* **Work to be completed**
Find the word "with" in the listing. Copy out each line where it occurs.
** Opening Given information block **
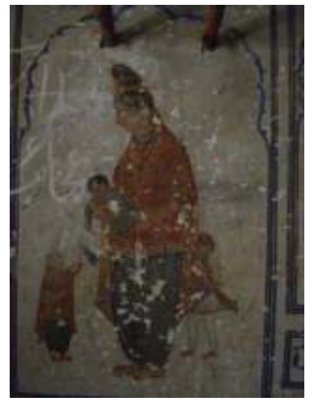
Plate 19: Fresco showing a woman with children
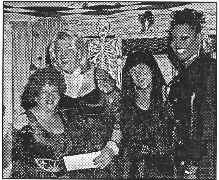
The Prez and Social Chair with Halloween Contest Winners

National Liberty Journal encourages readers to be diligent in protesting to the networks when offensive broadcasts are aired. Visit the NLJ Web site ( http://www.nljonline.com/network.htm ) to discover addresses, phone and fax numbers and E-mail addresses to the networks. The rapid moral decline on television will never stop until concerned viewers make their voices known to the networks and advertisers.
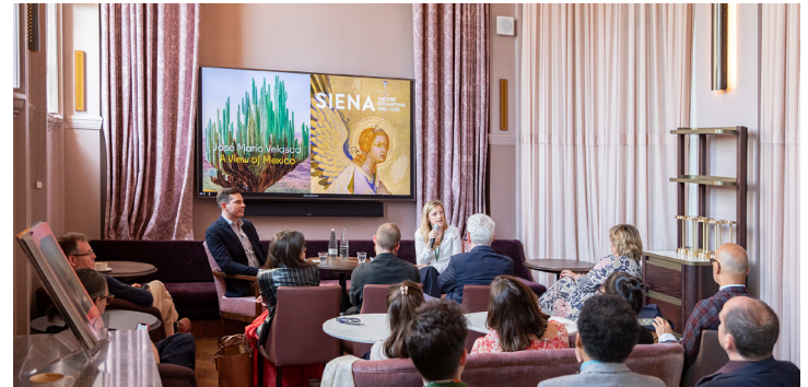
Supporters House Seated 15
** Closing Given information block **
* **Reply**
Plate 19: Fresco showing a woman with children
The Prez and Social Chair with Halloween Contest Winners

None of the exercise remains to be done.